> Data listing

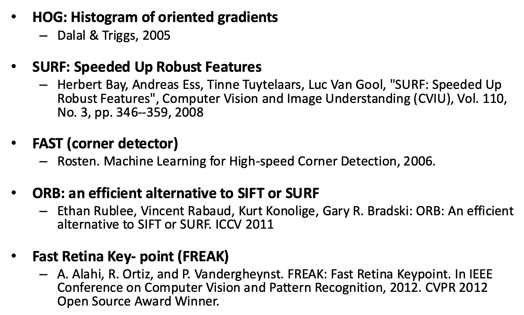 - 检测(detection):识别图像上的兴趣点(interest point)/ 特征点
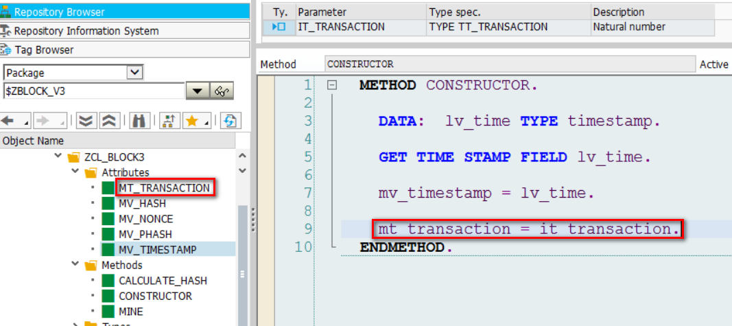 在这一版本里,首先被增强的是ZCL_BLOCK3: 去掉了前两个版本使用的mv_index和mv_data字段,增加了一个字段mt_transaction, 存储的是交易的集合。
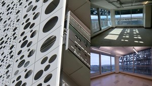 Dri-Design installed 15,211 square feet of its rainscreen aluminum wall panel system, which included tension-leveled, 0.08-inch perforated aluminum plate panels with dark bronze anodized and clear anodized aluminum finishes, and tensionleveled, 0.08-inch aluminum smooth plate wall panels with dark bronze anodized and clear anodized aluminum finishes. The 13,400-square-foot project was completed in March 2016.
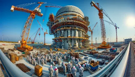 Промт для генерации изображений в нейросетях на тему: "Строительство, обслуживание АЭС, ГЭС, ТЭЦ"
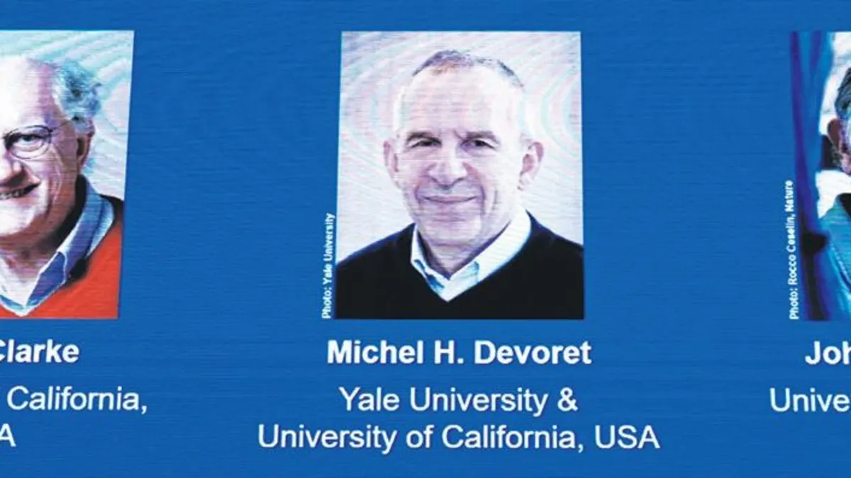 İsveç Kraliyet Bilimler Akademisi'nde düzenlenen basın toplantısında, 2025 Nobel Fizik Ödülü'nün sahipleri açıklandı. 2025 Nobel Fizik Ödülü, "elektrik devresinde makroskopik kuantum mekanik tünelleme ve enerji kuantizasyonunun keşfine" ilişkin çalışmalarından dolayı İngiliz John Clarke, Fransız Michel Devoret ve ABD'li John Martinis'e verildi.
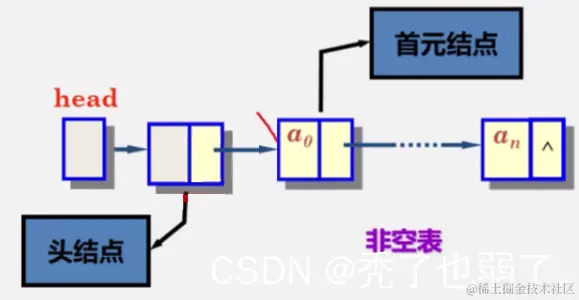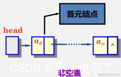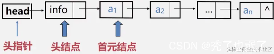 首元结点:是指链表中存储第一个数据元素a1的结点。
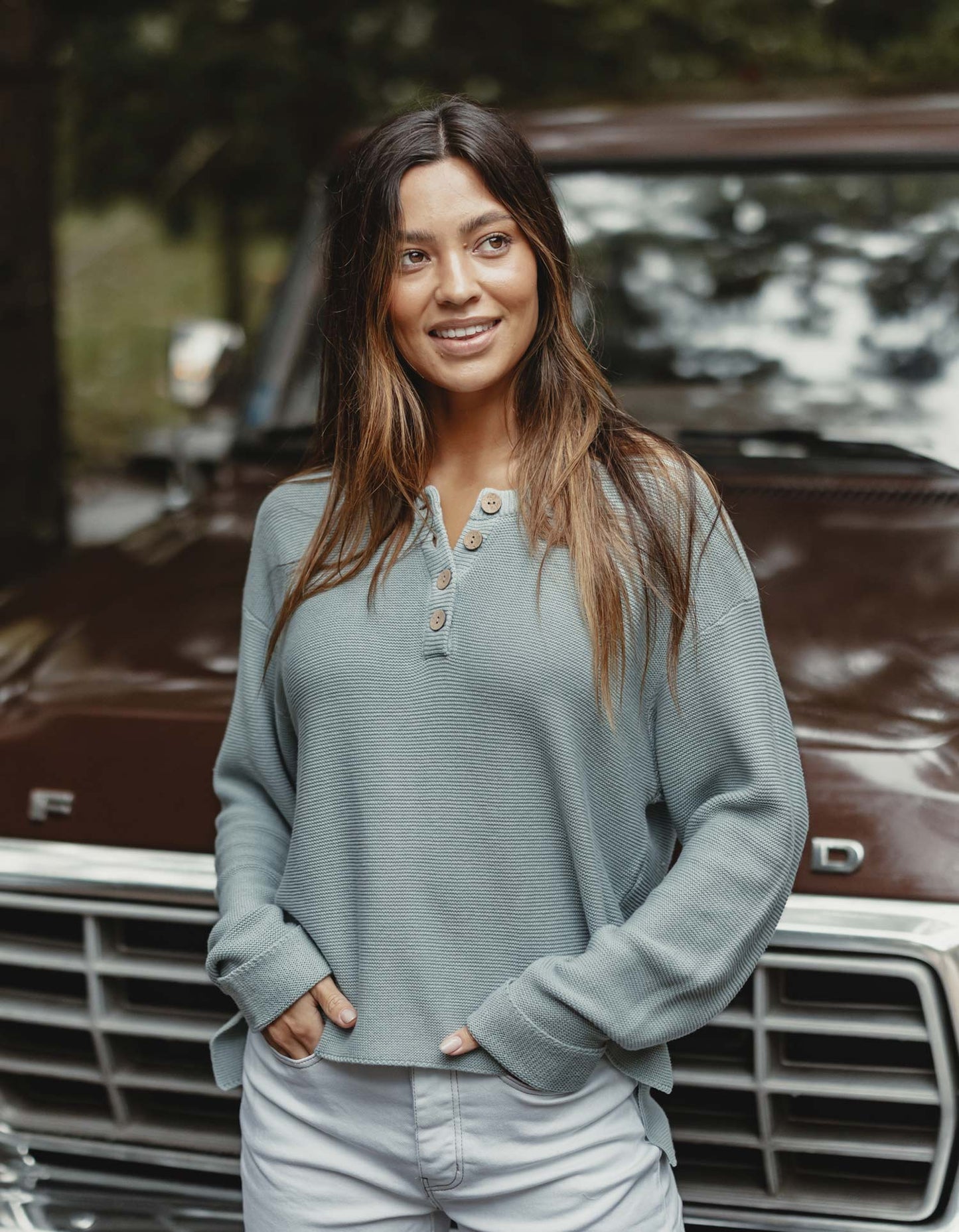Love this Henley sweater! Super well made, soft, lightweight, perfect for spring. Maybe ran a tad large (if I had to choose). Lovely color.

> What to work on
Please print each entry exactly as it stands, without the pictures.

> Your response
 - 检测(detection):识别图像上的兴趣点(interest point)/ 特征点
 在这一版本里,首先被增强的是ZCL_BLOCK3: 去掉了前两个版本使用的mv_index和mv_data字段,增加了一个字段mt_transaction, 存储的是交易的集合。
 Dri-Design installed 15,211 square feet of its rainscreen aluminum wall panel system, which included tension-leveled, 0.08-inch perforated aluminum plate panels with dark bronze anodized and clear anodized aluminum finishes, and tensionleveled, 0.08-inch aluminum smooth plate wall panels with dark bronze anodized and clear anodized aluminum finishes. The 13,400-square-foot project was completed in March 2016.
 Промт для генерации изображений в нейросетях на тему: "Строительство, обслуживание АЭС, ГЭС, ТЭЦ"
 İsveç Kraliyet Bilimler Akademisi'nde düzenlenen basın toplantısında, 2025 Nobel Fizik Ödülü'nün sahipleri açıklandı. 2025 Nobel Fizik Ödülü, "elektrik devresinde makroskopik kuantum mekanik tünelleme ve enerji kuantizasyonunun keşfine" ilişkin çalışmalarından dolayı İngiliz John Clarke, Fransız Michel Devoret ve ABD'li John Martinis'e verildi.
 首元结点:是指链表中存储第一个数据元素a1的结点。
Love this Henley sweater! Super well made, soft, lightweight, perfect for spring. Maybe ran a tad large (if I had to choose). Lovely color.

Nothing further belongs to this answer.